What I haven't solved yet¶
No hiring process is perfect, and I don't want to pretend mine is. There are areas I'm still actively working to improve.
Evaluating candidates from very different technology stacks remains a challenge. When someone's entire career has been in a language or ecosystem that's different from what we use, the past project deep-dive still works for assessing how they think, but it's harder to gauge how quickly they'll become productive in a new environment. I haven't found a clean solution for this that doesn't fall back on the kind of generalized assessments I've moved away from.

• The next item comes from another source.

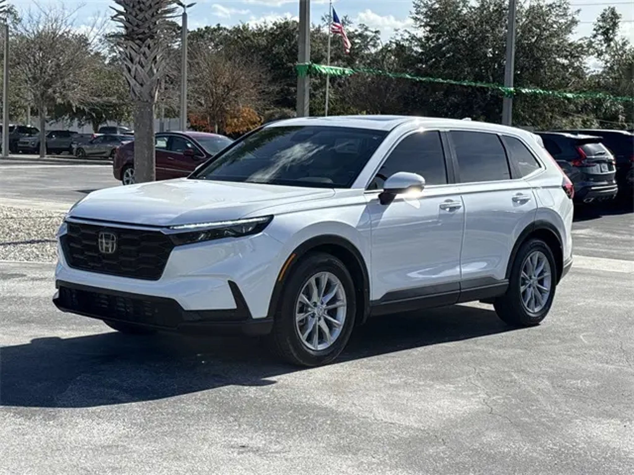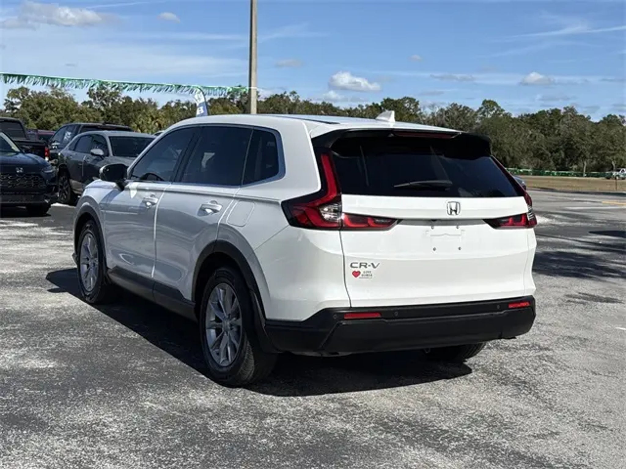 4-Wheel Disc Brakes, 8 Speakers, ABS brakes, Adaptive Cruise Control: Adaptive Cruise Control (ACC) with Low-Speed Follow, Air Conditioning, Alloy wheels, AM/FM radio: SiriusXM, Auto High-beam Headlights, Auto-dimming Rear-View mirror, Automatic temperature control, Blind Spot Information (BSI) System warning, Brake assist, Bumpers: body-color, Compass, Cruise Control, Delay-off headlights, Driver door bin, Driver vanity mirror, Dual front impact airbags, Dual front side impact airbags, Electronic Stability Control, Four wheel independent suspension, Front anti-roll bar, Front Bucket Seats, Front Center Armrest, Front dual zone A/C, Front reading lights, Fully automatic headlights, Heated door mirrors, Heated Front Bucket Seats, Heated front seats, Illuminated entry, Knee airbag, Leather Seat Trim, Leather Shift Knob, Leather steering wheel, Low tire pressure warning, Memory seat, Occupant sensing airbag, Outside temperature display, Overhead airbag, Overhead console, Panic alarm, Passenger door bin, Passenger vanity mirror, Power door mirrors, Power driver seat, Power Liftgate, Power moonroof, Power passenger seat, Power steering, Power windows, Radio data system, Radio: 320-Watt AM/FM/HD/SiriusXM Audio System, Rear anti-roll bar, Rear reading lights, Rear seat center armrest, Rear side impact airbag, Rear View Camera, Rear window defroster, Rear window wiper, Remote keyless entry, Security system, Speed-sensing steering, Speed-Sensitive Wipers, Split folding rear seat, Spoiler, Steering wheel mounted audio controls, Tachometer, Telescoping steering wheel, Tilt steering wheel, Traction control, Trip computer, Turn signal indicator mirrors, Variably intermittent wipers, and Wheels: 18 Sparkle Silver Alloy Metallic. 4-Wheel Disc Brakes, 8 Speakers, ABS brakes, Adaptive Cruise Control: Adaptive Cruise Control (ACC) with Low-Speed Follow, Air Conditioning, Alloy wheels, AM/FM radio: SiriusXM, Auto High-beam Headlights, Auto-dimming Rear-View mirror, Automatic temperature control, Blind Spot Information (BSI) System warning, Brake assist, Bumpers: body-color, Compass, Cruise Control, Delay-off headlights, Driver door bin, Driver vanity mirror, Dual front impact airbags, Dual front side impact airbags, Electronic Stability Control, Four wheel independent suspension, Front anti-roll bar, Front Bucket Seats, Front Center Armrest, Front dual zone A/C, Front reading lights, Fully automatic headlights, Heated door mirrors, Heated Front Bucket Seats, Heated front seats, Illuminated entry, Knee airbag, Leather Seat Trim, Leather Shift Knob, Leather steering wheel, Low tire pressure warning, Memory seat, Occupant sensing airbag, Outside temperature display, Overhead airbag, Overhead console, Panic alarm, Passenger door bin, Passenger vanity mirror, Power door mirrors, Power driver seat, Power Liftgate, Power moonroof, Power passenger seat, Power steering, Power windows, Radio data system, Radio: 320-Watt AM/FM/HD/SiriusXM Audio System, Rear anti-roll bar, Rear reading lights, Rear seat center armrest, Rear side impact airbag, Rear View Camera, Rear window defroster, Rear window wiper, Remote keyless entry, Security system, Speed-sensing steering, Speed-Sensitive Wipers, Split folding rear seat, Spoiler, Steering wheel mounted audio controls, Tachometer, Telescoping steering wheel, Tilt steering wheel, Traction control, Trip computer, Turn signal indicator mirrors, Variably intermittent wipers, Wheels: 18 Sparkle Silver Alloy Metallic. Recent Arrival! 2025 Honda CR-V EX-L White 28/34 City/Highway MPG All vehicles have the Red Alert rear end deterrent third brake light safety system installed for $499. Dealer Document Processing Fee of 899 -- this charge represents cost and profit to the dealer for items such as inspections, cleaning, and adjusting vehicles and preparing documents related to the sale.

Scaling the process is another challenge. Deep-dive conversations take time and they're significantly more time-intensive per candidate than a timed assessment that can be administered asynchronously. When you're hiring for many roles simultaneously, the time cost is real. I've mitigated this by involving more of the team in interviews, but that creates its own overhead.
And the overall hiring pipeline is still slower than I'd like. The industry-wide process of sourcing, screening, interviewing, and closing candidates has friction at every stage. Improving my interview process doesn't fix the weeks lost to scheduling coordination, offer negotiations, and notice periods.
What actually matters¶
I've been hiring engineers across industries for nearly two decades and for companies ranging from pre-seed startups to Fortune 500 corporations. I've been wrong about candidates in both directions; people I was confident about who didn't work out, and people I had reservations about who became some of the strongest members of the team.
What I've learned is that the interview process should evaluate what actually matters on the job: Can this person reason about complex systems? Can they communicate clearly and work constructively with others? Do they take ownership of outcomes, not just code? Are they honest about what they know and what they don't?
No timed assessment answers those questions. A conversation does.